This ruling applies for the following periods:
year ending 30 June 2023
year ending 30 June 2024
year ending 30 June 2025
year ending 30 June 2026
year ending 30 June 2027
The scheme commenced on:
1 July 2020
Relevant facts and circumstances
The trustee for the Unit Trust (The Trust) is owned by non-associated discretionary trusts.
The Unit Trust holds shares in a number of companies and expects to commence receiving franked dividend income from these shareholdings. It is expected that franked dividends will be paid on these shareholdings in the relevant period and beyond.
The discretionary trust Unitholders have, or will have, made family trust elections such that they will each be classified as a 'family trust' for the purposes of Schedule 2F of the ITAA 1936.
There will be no related payments made during the relevant period.
The taxpayer has not and will not have a family trust election in place.
The trustee has not and does not intend to exercise a power capable of defeating a Unitholders interest in the income or capital of the trust during the relevant period.
The Trustee has been and will be the Trustee of the taxpayer at all relevant times during the relevant period.
The only class of units on issue in the Unit Trust during the relevant period will be ordinary units.
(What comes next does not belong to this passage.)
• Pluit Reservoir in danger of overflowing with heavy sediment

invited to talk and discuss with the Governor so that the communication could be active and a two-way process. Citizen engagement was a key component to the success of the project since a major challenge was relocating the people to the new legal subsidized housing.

The ordinary units carry equal rights to the income and capital of the trust fund. No streaming of the distributable income or capital of the trust may happen in any way that is not directly proportionate to each Unitholder's respective interest in the Trust.
The current Unitholders were also the initial Unitholders and to date no new units have been issued.
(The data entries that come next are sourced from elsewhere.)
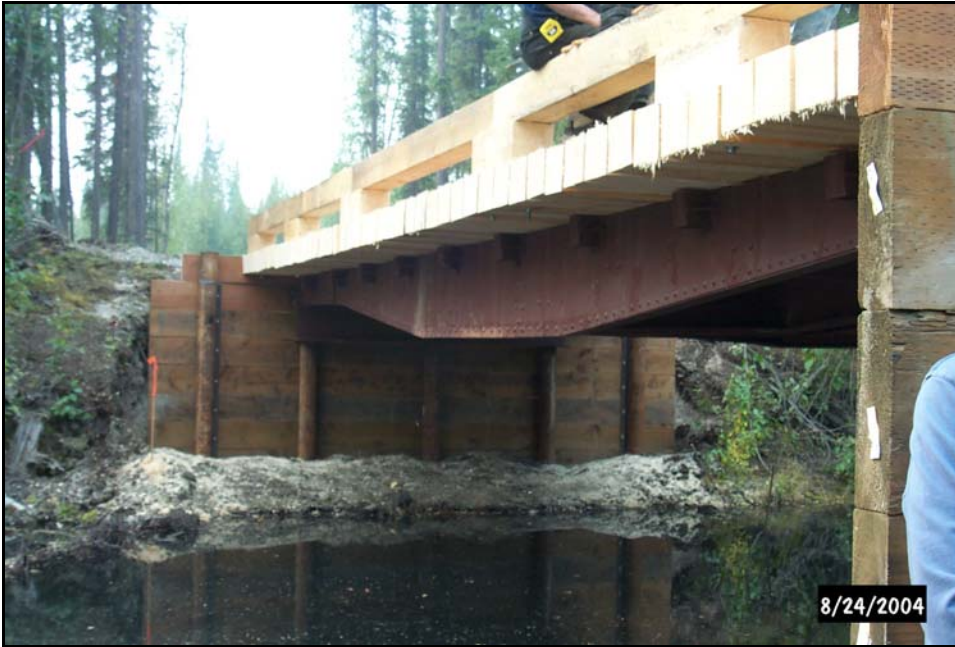
New bridge downstream from original crossing

For mitigation, the property owner removed an old earthen/grown-over/beaver dam located approximately 200 feet upstream of his original culverted crossing.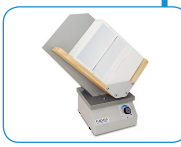
402 Series Jogger - an option which reduces static electricity from forms and aligns them for proper feeding

Formax – New Hampshire, USA www.formax.com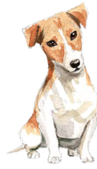
HP51 JACK RUSSELL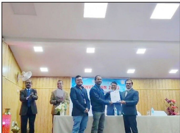
(a) Award receiving moment “Anveshan 2023-24”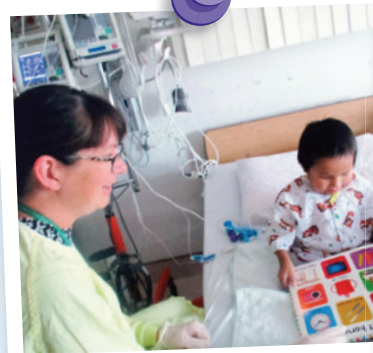
books for kids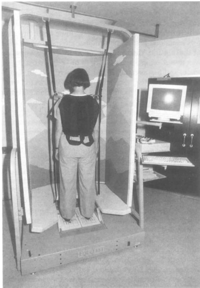
Fig. 1. The computerized dynamic posturography system (EquiTest; NeuroCom International, Clackamas, OR). The subject is seen standing on the hinged footplate facing into the three-sided visual surround ready for testing.

with a fixed forceplate and visual surround (see fig. 2 for a schematic of tests). SOT2 is a quantified Romberg test identical to SOT1 except with the patient's eyes closed. For SOT3 the visual surround is moved in phase with the patient's movement (sway-referenced) as she attempts to stand still with eyes open. The sway-referenced visual surround provides a confusing visual horizon and exaggerates the patient's sway. In SOT4 the visual surround remains fixed but the forceplate is sway-referenced, thereby depriving the patient of accurate somatosensory input. SOT5 is identical to SOT4 but with eyes closed, leaving the patient dependent upon vestibular information. In SOT6 the patient stands, eyes open, while both the forceplate and the visual surround are sway-referenced. This provides inaccurate visual and somatosensory information, leaving the patient dependent on ves-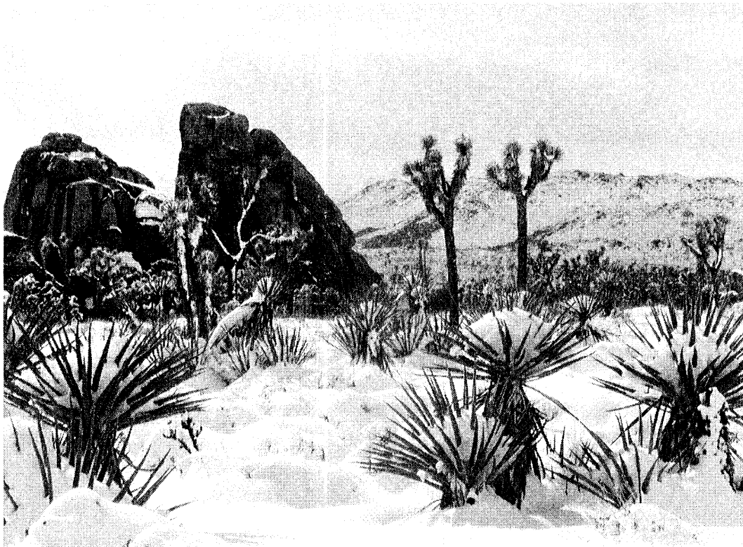
Early goes to this year's Joshua Tree Thanksgiving woke to several inches of new snow on Sunday, not the usual daytime shirt-sleeve weather most had expected.

It's winter camp for grownups, folks, and although it was one of the coldest in memory for part of the time, the rest of the trip was warmer than usual. Hope you all come back next year.

Any distributions and related franking credits will be made proportionate to the number of units held by the Unitholders.
Relevant legislative provisions
Income Tax Assessment Act 1997 Division 207
Income Tax Assessment Act 1997 subsection 207-35(3)
Income Tax Assessment Act 1997 section 207-45
Income Tax Assessment Act 1997 subsection 207-50(3)
Income Tax Assessment Act 1997 section 207-145
Income Tax Assessment Act 1997 section 207-150
Income Tax Assessment Act 1997 subsection 207-150(1)
Income Tax Assessment Act 1997 paragraph 207-150(1)(a)
Income Tax Assessment Act 1997 subsection 207-150(3)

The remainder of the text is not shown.